The New Puritans: How Gen-Z is Making Sex Taboo Again

A generation fluent in the language of liberation is quietly reviving the anxieties of repression, turning sex into a source of unease.

(Kayla Tanada | The Phoenix)
(Kayla Tanada | The Phoenix)

Something strange is happening in the bedroom — or rather, outside it. The American generation raised on hookup apps, “sex positivity” and endless access to explicit content is having less sex than any before. 

Gen-Z, once imagined as the freest and most open-minded, has become conversely closelegged. Everyone jokes about desire, but when it comes to actually having sex, a strange hush falls over the room.

The data paints a clear picture. The number of American Gen-Zers reporting sexual activity fell from around 38% in 2019 to roughly 30% in 2021, despite more Gen-Zers being added to the age of consent pool in 2021. Among older members of the generation, Gen-Z has the least sex of any living age group, outpaced even by their parents at the same age. 

Dazed Digital went so far as to declare the “death of the one-night-stand,” observing how casual encounters have been replaced by emotionally ambiguous “situationships” and prolonged talking stages. 
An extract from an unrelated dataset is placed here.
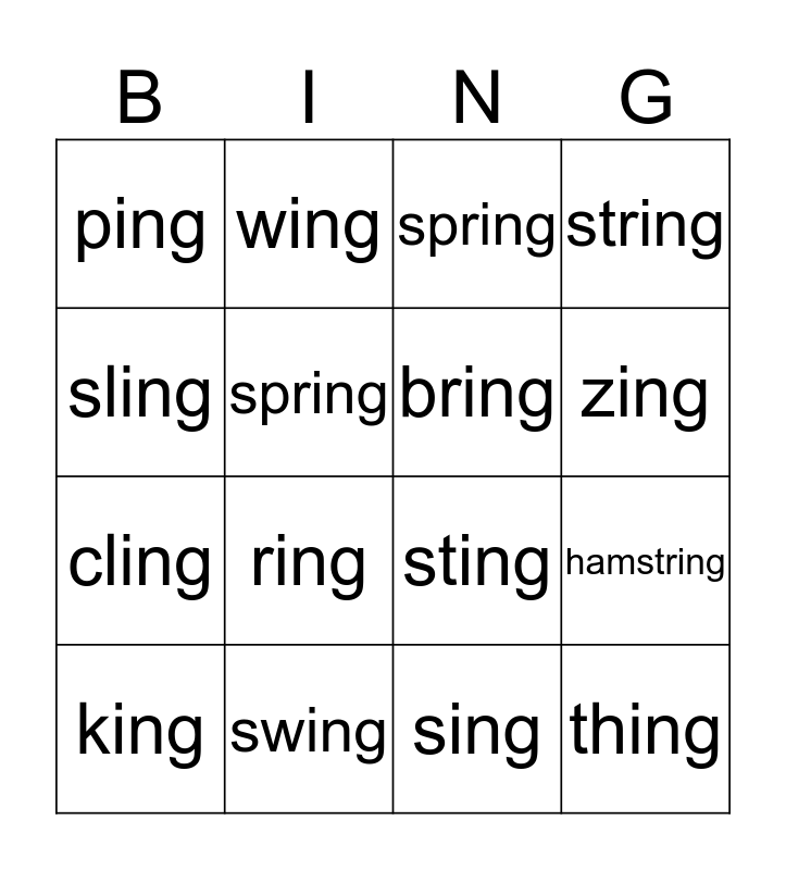 This bingo card has a free space and 15 words: king, thing, spring, ping, zing, sling, ring, sing, spring, cling, hamstring, string, bring, wing and swing.

The shift stems from more than moralism. Overexposure plays a role. Many Gen-Z individuals encountered sexual content before they were emotionally ready for it, raised in a digital ecosystem where adult material appeared at the click of a screen. Sex was no longer a private milestone — it became algorithmic. 

Online, own members of the generation have noticed the shift. A Reddit thread discussing Gen-Z’s discomfort argued premature exposure has left many with a negative view of sexual topics as a whole.

Saturation bred cynicism. Desire, once mysterious, became mechanical. When nothing is left to the imagination, the imagination begins to seek distance. 

Economic and emotional exhaustion deepened the divide. 

For a generation grappling with housing insecurity, debt and post-pandemic isolation, sex can feel less like pleasure, and more like another task to manage. Newsweek suggests Gen-Z’s aversion to sex reflects a rejection of the emotionally draining hook-up culture of the 2010s — a backlash against performative liberation, which often delivered emptiness rather than intimacy. 

In this born-again culture, abstinence feels safer than disappointment. 

Yet, something else is taking shape — a new form of moral purity dressed in the aesthetics of progressivism. Gen-Z isn’t necessarily anti-sex, but its culture has made sex feel suspect. Expressing desire too openly can be seen as regressive or even dangerous. In trying to protect one another, the generation has begun to pathologize attraction itself. 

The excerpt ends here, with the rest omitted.